What is the best way to implement an SVM using Hadoop?

Suchi SariaStanford machine learning, CS PhD
Written Nov 17, 2010 · Upvoted by Vladimir Novakovskistarted Quora machine learning team, 2012-2014 and Tao XuBuilt ML systems at Airbnb, Quora, Facebook and Microsoft.
Thought it might be worthwhile to put all the proposed solutions in context to see when one might use one over the other.

The atbrox blog (http://atbrox.com/2010/02/08/par...) that Soren points to gives details on map-reduce implementation but the version of SVM implemented can be swapped out based on the desired properties of the solution: 

1. If the original problem is easy enough such that data required to train the model can fit on a single machine, then train using a single machine (with say, LibSVM) but classify using multiple machines (as Peter Skomoroch suggests). To check if your problem is "easy", look to see the performance on your test data as you add training data. If test performance plateaus before you reach max memory on a single machine, you're good to use this version. 

2. Compared to LibSVM that solves the dual problem, Chu et al, 2006 (http://www.cs.stanford.edu/peopl...) solves the primal SVM formulation directly using a second order method like Newton's method. This gives an exact solution that can be implemented within map-reduce and has all the guarantees as long as your newton method converges. For derivation details, see the original paper by Chapelle 2006 (http://citeseerx.ist.psu.edu/vie... ). This algorithm will allow you to use the kernel trick (if you need to use this) as described in section 3. The only assumption the algorithm makes is that you are able to do a matrix inverse, an O(s^3) operation, where s is the number of support vectors. To evaluate if this is true for your data, intuitively, if the data seems separable, then the decision boundary shouldn't be too complex and the number of support vectors required is small and definitely does not scale with the data. If this is not the case, then you have to resort to approximate solutions.

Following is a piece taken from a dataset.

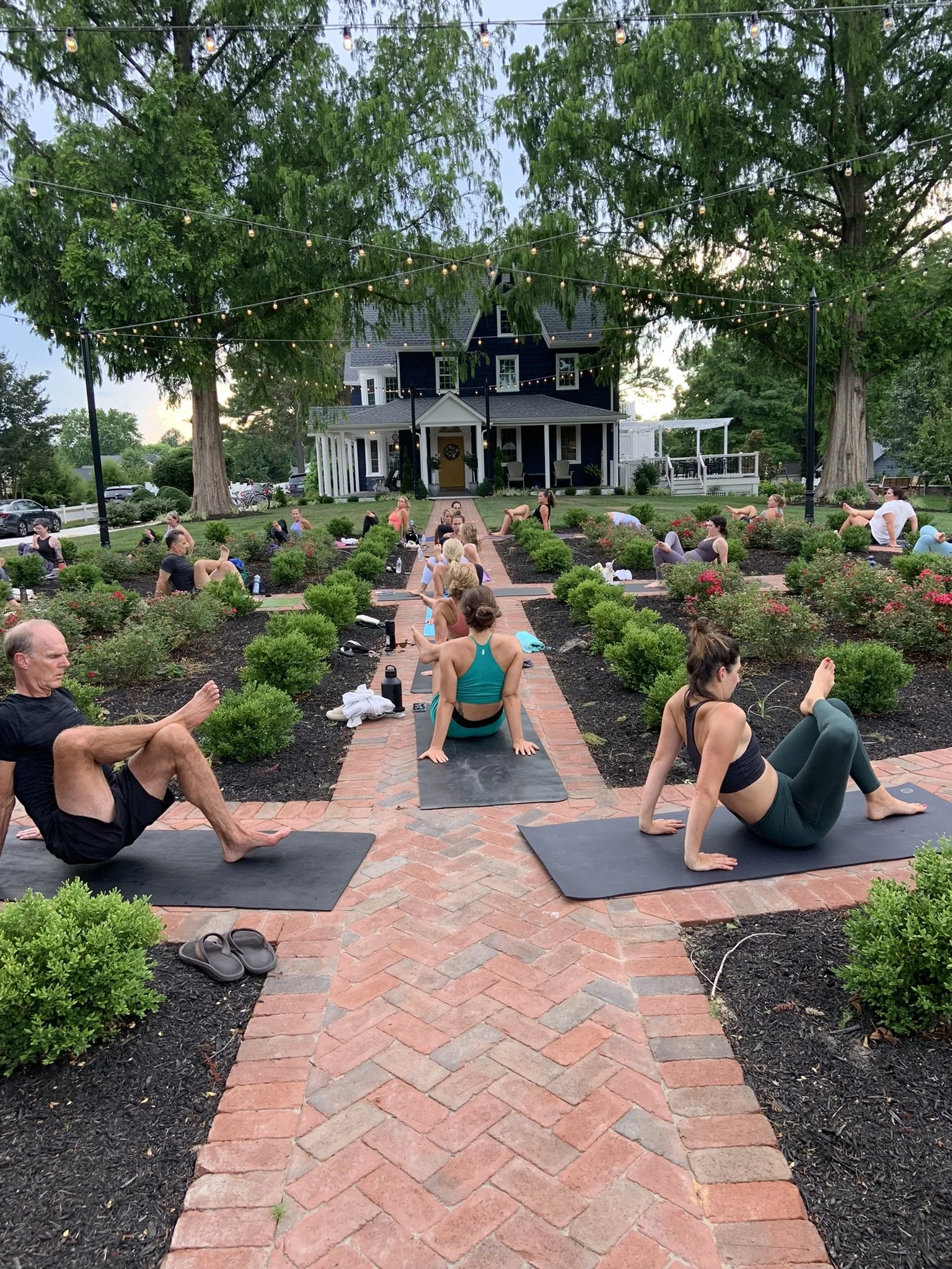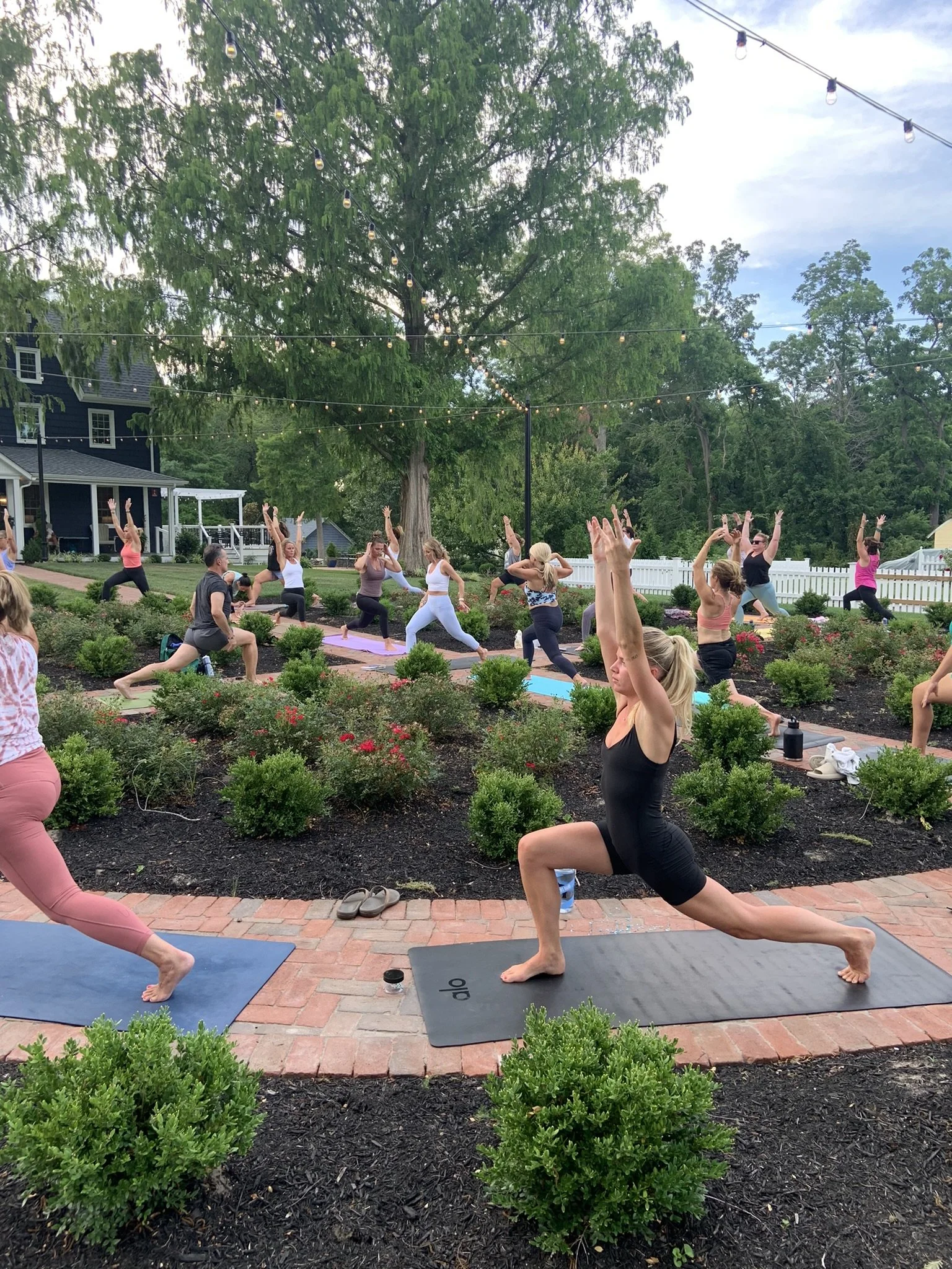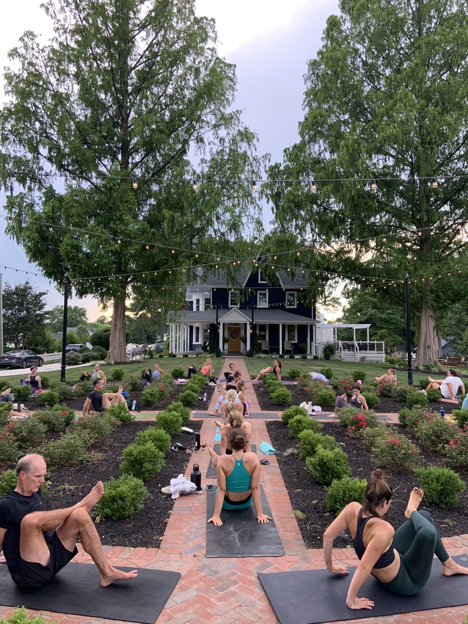 The incredibly talented Jared Rowan and Sara Ashley Hancock teamed up to host an intimate yoga & meditation experience on the sprawling front lawn at The Inn. 30 yogis spaced perfectly amongst the rose bushes and boxwood on our brick parterre garden that sits directly below the bright twinkle lights, with a direct view of the full moon. Following a 60 minute yoga flow, the yogis participated in a full moon clay and sea glass ritual, and then enjoyed some charcuterie cups and Prosecco on the garden terrace and patio. What a wonderful evening!
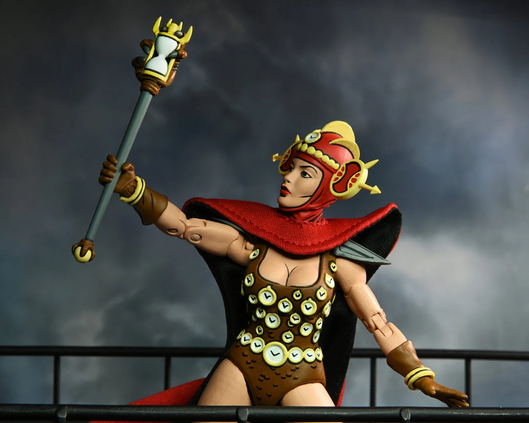 The Renet action figure stands approximately 6″ tall, and includes soft goods cape, interchangeable heads and hands, Time Scepter, assorted weapons, and more!

3. The PSVM solution by Chang et al, 2007 ( http://books.nips.cc/papers/file... ) is an approximate solution to the SVM objective. There are no guarantees associated with it. But google has a version implemented as Jonathan pointed out: http://code.google.com/p/psvm/

Special cases:
4. If you care about having a sparse solution for your SVM (i.e. feature selection is important), then use the Problem 6 formulation in the following paper (that Amund pointed to):
http://jmlr.csail.mit.edu/papers...
The original problem is NP-hard but they solve an approximate version of the objective.

5. All of the above solutions assume that the number of features given is not very large and the size issue is only due to the large number of data samples. If the number of features is also really large, you'll want to split across features as well. Use the version Boyd's group proposes (as Matt mentioned):
http://www.stanford.edu/~boyd/pa...
This is also approximate and does not give you a way to use the kernel trick.

In summary, for most problems, I'd say Chapelle/Chu would be your best bet. I'd love to hear feedback if you see mistakes in my summary.
15.2k Views · View Upvotes
Vineet Yadav
Vineet YadavText Analytics, Natural language processing and Big Data Developer
Written Nov 7, 2010 · Upvoted by Sean OwenDirector, Data Science @ Cloudera
Well Apache mahout( http://mahout.apache.org/) is machine learning library which uses hadoop. Currently they don't have support vector machine functionality,  but they have it in their future plan(https://cwiki.apache.org/conflue...) . Parallel GPDT( http://dm.unife.it/gpdt/) supports parallel training of support vector machine.
2.4k Views · View Upvotes
Peter Skomoroch
Peter SkomorochSr. Data Scientist @ LinkedIn
You can train your classifiers and compile the binaries, then apply the trained classifiers to each image via a hadoop streaming mapper - sending the trained model as side data via the distributed cache.
3k Views · View Upvotes
SVMs don't really fit the mapreduce model.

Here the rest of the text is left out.